Reproduce the lines of the material exactly, excluding every image.

§ **Dataset extract**
- Opening Delimiter -

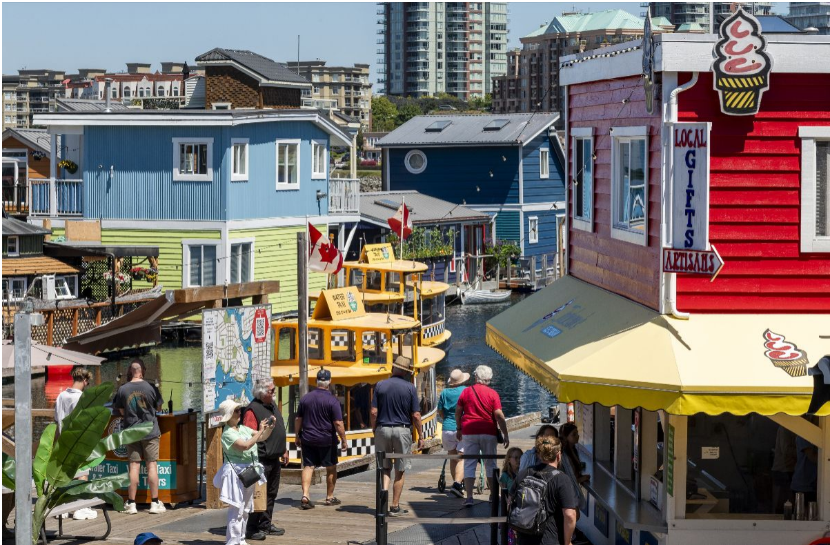
Visitors browsing the attractions at Fisherman's Wharf.
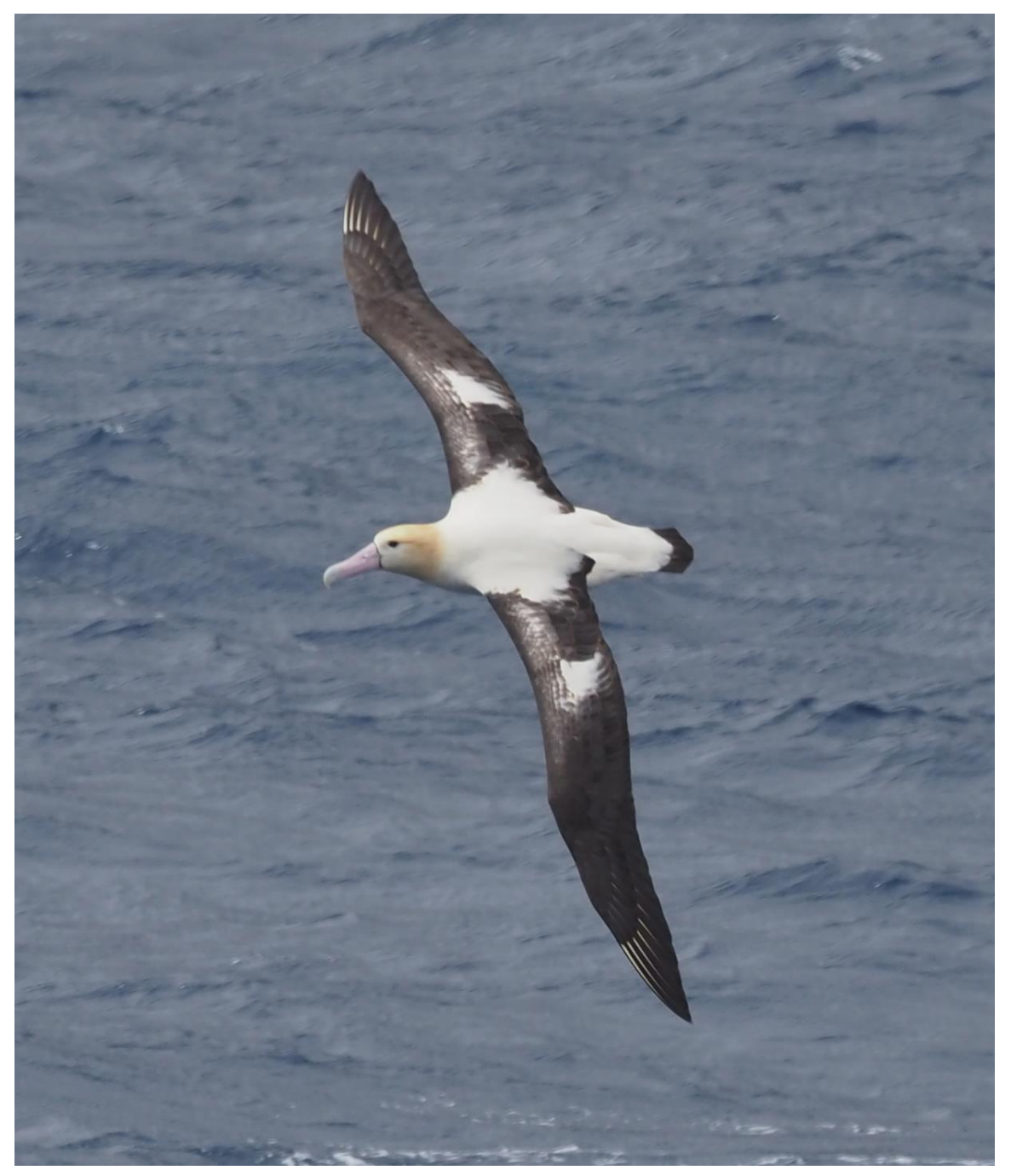
Short-tailed Albatross off Torishima Island April 2023
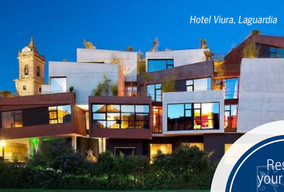
Hotel Viura, Laguardia

- Closing Delimiter -

§ **Answer space**
Visitors browsing the attractions at Fisherman's Wharf.
Short-tailed Albatross off Torishima Island April 2023
Hotel Viura, Laguardia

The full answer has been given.